• **PROBLEM STATEMENT**
Your copy runs from the line containing "and .mmi files ." through the last line of the listing, both included. Restate those lines word for word and leave out pictures.
(RECORDS TO PROCESS Opens)
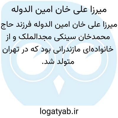 [ویکی فقه] "میرزا علی خان" که دارای القابی از قبیل «منشی حضور، امین الملک و امین الدوله» بود، پسر "حاج محمدخان سینکی مجدالملک" (صاحب رساله مجدیه) می باشد. اجداد امین الدوله اصالتاً مازندرانی بوده ولی چون در «سینک» از قرای «لواسان» دارای ملک و املاک بودند از این رو به سینکی معروف بودند.
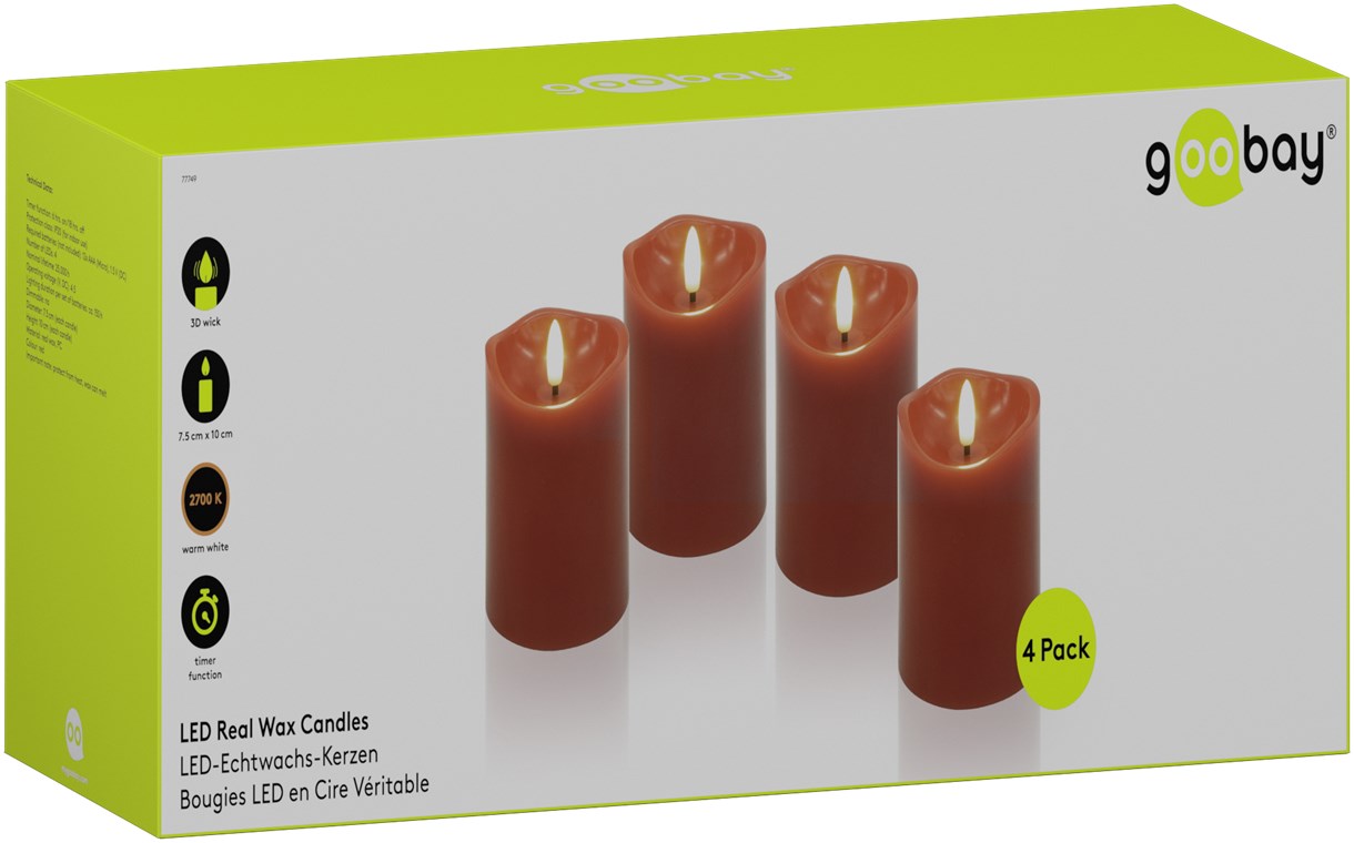 Weiterführende Links zu "Goobay 77749 4er-Set LED-Echtwachskerzen, rot VPE Retail Box Mindestbestellmenge 1"
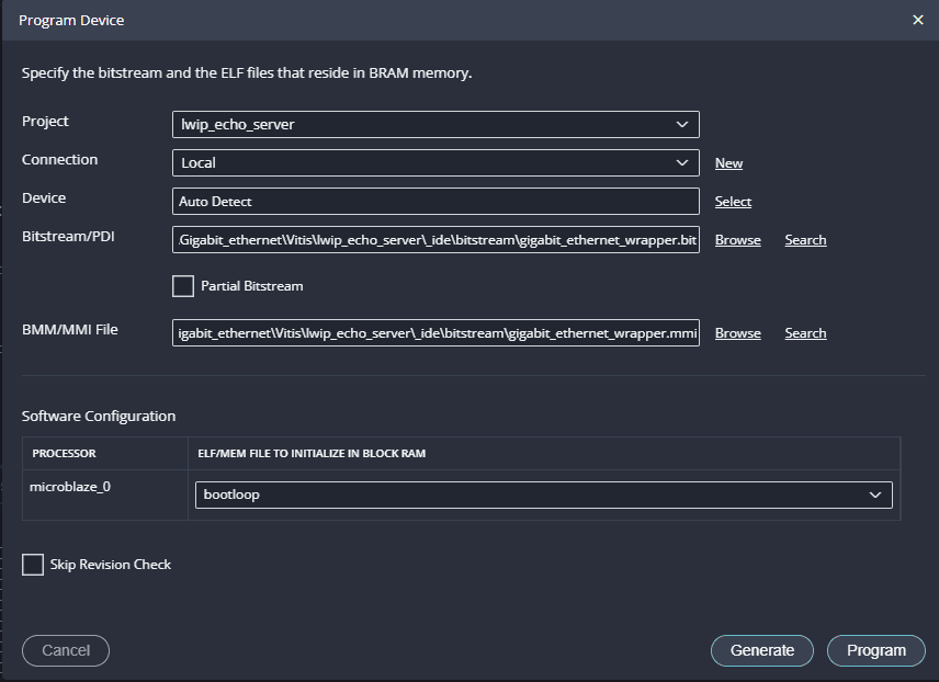 Once the “Program Device” window opens give the path for .bit and .mmi files .
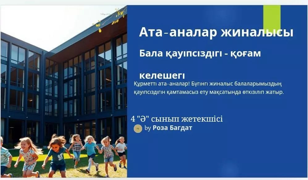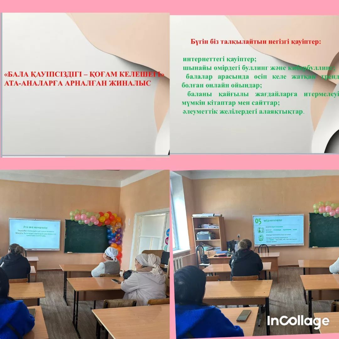 4"Ә"сыныбында оқушылардың ата-аналарымен "Бала қауіпсіздігі – қоғам келешегі" тақырыбында балалардың әлеуметтік желілердегі қауіпсіздігін қамтамасыз ету мақсатында жиналыс өтті.
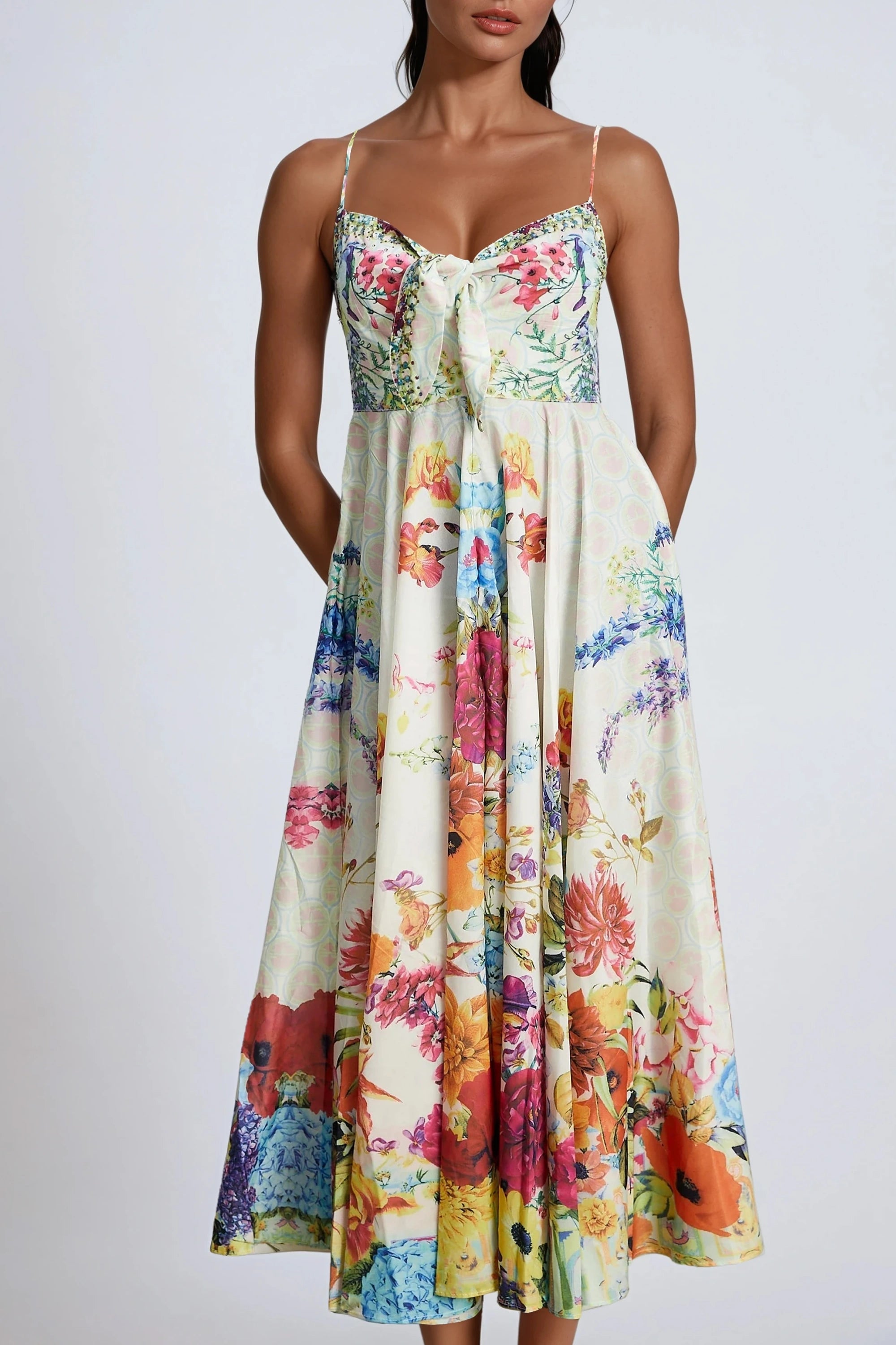 Sylvie Midi Dress With Tie-Up And Floral Print
(RECORDS TO PROCESS Closes)
• **EXERCISE RESULT**
 Once the “Program Device” window opens give the path for .bit and .mmi files .
 4"Ә"сыныбында оқушылардың ата-аналарымен "Бала қауіпсіздігі – қоғам келешегі" тақырыбында балалардың әлеуметтік желілердегі қауіпсіздігін қамтамасыз ету мақсатында жиналыс өтті.
 Sylvie Midi Dress With Tie-Up And Floral Print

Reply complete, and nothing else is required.